A crise de energia na China já afeta o mundo desde os alimentos aos iPhones. Por cá, a Associação Empresarial do Minho alertou hoje o Governo que o aumento “exponencial” dos custos da energia pode “representar o princípio do colapso da competitividade das empresas portuguesas, nomeadamente do setor industrial”. A isto junta-se a crise dos semicondutores.
8 Outubro 2021, 14h56

O impacto da crise de energia na China ocorre em todos os tipos de setores e por motivos muito diversos e está a começar a ser sentido em todo o mundo, prejudicando vários setores que vão da fabricante de automóveis, como a Toyota aos criadores de ovelhas australianos e fabricantes de embalagens em cartão. Além disso, a escassez de fertilizantes causará num aumento significativo nos preços dos alimentos, refere uma notícia do espanhol El Economista.

Na passada quarta-feira, dia 6 de outubro, o preço do gás natural atingiu novos máximos nos mercados europeus devido à forte procura à medida que o inverno se aproxima, especialmente na Ásia, mas também devido a uma oferta limitada e aos baixos ‘stocks’ existentes.

Os constrangimentos ambientais na extração de carvão levaram a graves carências energéticas, retardando algumas fábricas, e a uma súbita mudança na procura de gás na pior altura possível para a Europa, à medida que esta caminha para o inverno, defendeu o analista do Commerzbank em declarações à AFP.

O impacto dessa crise será global. O papel da China como ‘fábrica do mundo’ confere a essa economia uma enorme relevância internacional, principalmente se o impacto for sofrido pelo setor industrial chinês, do qual dependem as cadeias produtivas globais, refere o site espanhol que cita a agência financeira Bloomberg.

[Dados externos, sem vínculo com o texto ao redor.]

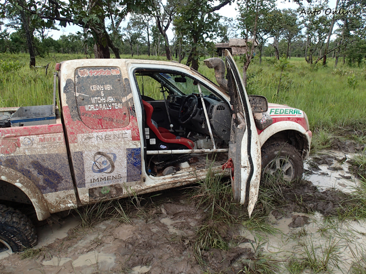 ▲17號車受困於及腰的爛泥中,夠力的絞盤幫助他們脫困,不過最後因為燃料耗盡困在SS5賽段裡。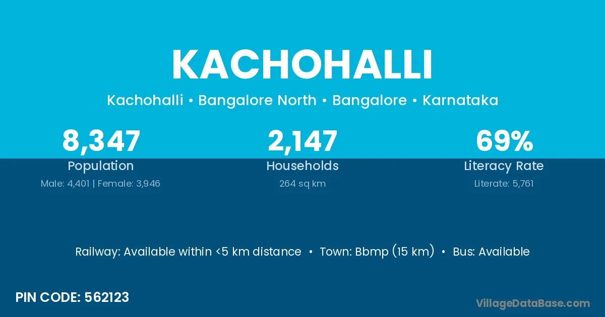 Bbmp (15 km) is the nearest town to Kachohalli village for major economic activities and is located approximately 15 km away.

Para os consumidores, a questão é se os fabricantes conseguirão absorver os custos energéticos mais elevados ou se, em última instância, os repassarão às famílias. Este último terá um impacto direto sobre a inflação que está acima da meta dos bancos centrais em grande parte do mundo.

Na semana passada, o analista de mercados do Millennium investment banking, alertava que a crise de energia, provocada pelo disparo dos preços de eletricidade e gás castiga as famílias, que veem aumentar a sua fatura, mas também as empresas que sentem o impacto na fatura de produção e mesmo os Governos. Alguns países europeus, como a França, anunciaram que pretendem travar novos aumentos dos preços de eletricidade e baixar impostos de energia para atenuar os efeitos nos contribuintes.

As estimativas para o índice de preços no consumidor mostraram nova escalada de inflação na Zona Euro em setembro, para os 3,4%, um dado à atenção do BCE, que tem vindo a referir que este pico de inflação se deve a fatores transitórios.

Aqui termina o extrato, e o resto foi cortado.